[Input records Boundary: Start]

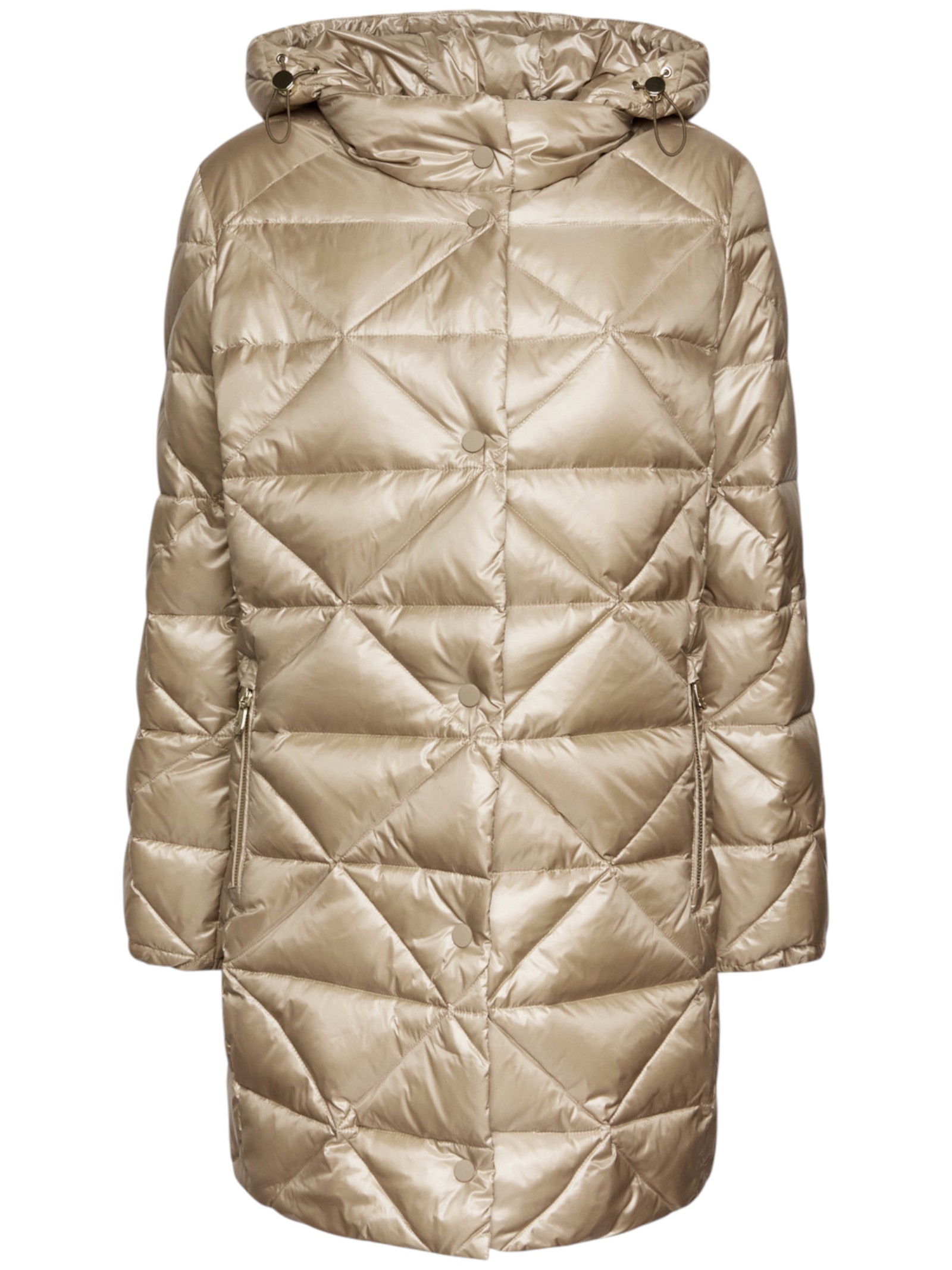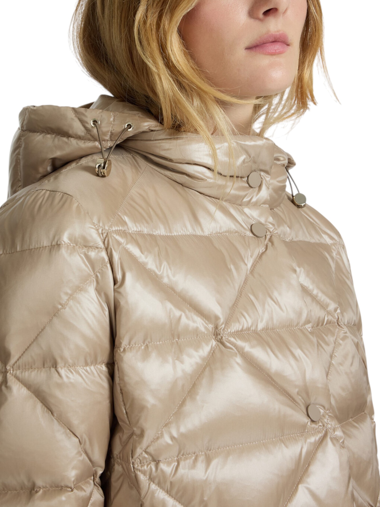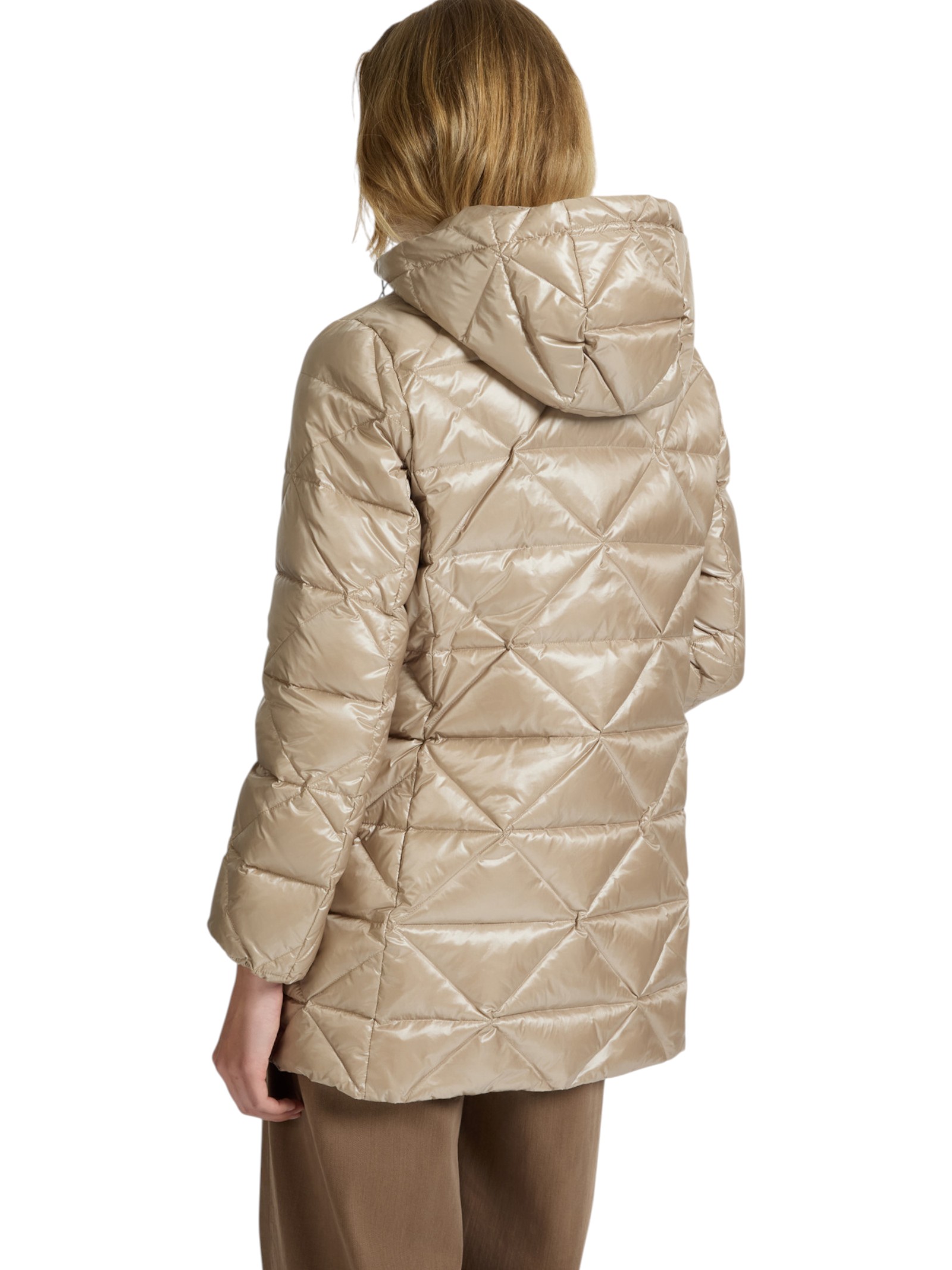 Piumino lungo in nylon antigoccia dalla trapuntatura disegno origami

[Input records Boundary: End]
[Input records Boundary: Start]

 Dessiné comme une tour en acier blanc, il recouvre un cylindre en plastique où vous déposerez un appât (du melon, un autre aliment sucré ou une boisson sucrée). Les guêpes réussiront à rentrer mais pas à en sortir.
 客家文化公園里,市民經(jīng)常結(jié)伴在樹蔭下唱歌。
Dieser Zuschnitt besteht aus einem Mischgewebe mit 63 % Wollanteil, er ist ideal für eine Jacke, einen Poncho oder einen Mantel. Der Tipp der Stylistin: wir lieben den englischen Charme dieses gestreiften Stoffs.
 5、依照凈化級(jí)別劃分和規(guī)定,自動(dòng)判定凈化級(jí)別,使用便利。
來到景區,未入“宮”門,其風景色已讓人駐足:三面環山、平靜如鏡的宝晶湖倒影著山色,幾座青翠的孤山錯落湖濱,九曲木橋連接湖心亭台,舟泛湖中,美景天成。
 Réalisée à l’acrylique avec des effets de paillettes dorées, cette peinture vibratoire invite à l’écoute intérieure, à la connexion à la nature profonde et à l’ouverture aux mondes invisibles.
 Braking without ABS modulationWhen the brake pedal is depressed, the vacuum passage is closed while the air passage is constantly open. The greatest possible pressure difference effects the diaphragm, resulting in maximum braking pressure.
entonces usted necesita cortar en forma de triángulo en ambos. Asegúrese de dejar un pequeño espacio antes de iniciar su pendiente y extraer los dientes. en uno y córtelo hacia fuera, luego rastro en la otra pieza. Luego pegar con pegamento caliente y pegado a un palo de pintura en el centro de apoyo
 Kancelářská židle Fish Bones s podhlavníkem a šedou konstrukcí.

[Input records Boundary: End]

Exercise objective>
In the material above, locate the line containing "Dessiné comme une" and the line containing "Réalisée à l’acrylique". Transcribe exactly those two lines and every line between them, and nothing more.

Your response>
 Dessiné comme une tour en acier blanc, il recouvre un cylindre en plastique où vous déposerez un appât (du melon, un autre aliment sucré ou une boisson sucrée). Les guêpes réussiront à rentrer mais pas à en sortir.
 客家文化公園里,市民經(jīng)常結(jié)伴在樹蔭下唱歌。
Dieser Zuschnitt besteht aus einem Mischgewebe mit 63 % Wollanteil, er ist ideal für eine Jacke, einen Poncho oder einen Mantel. Der Tipp der Stylistin: wir lieben den englischen Charme dieses gestreiften Stoffs.
 5、依照凈化級(jí)別劃分和規(guī)定,自動(dòng)判定凈化級(jí)別,使用便利。
來到景區,未入“宮”門,其風景色已讓人駐足:三面環山、平靜如鏡的宝晶湖倒影著山色,幾座青翠的孤山錯落湖濱,九曲木橋連接湖心亭台,舟泛湖中,美景天成。
 Réalisée à l’acrylique avec des effets de paillettes dorées, cette peinture vibratoire invite à l’écoute intérieure, à la connexion à la nature profonde et à l’ouverture aux mondes invisibles.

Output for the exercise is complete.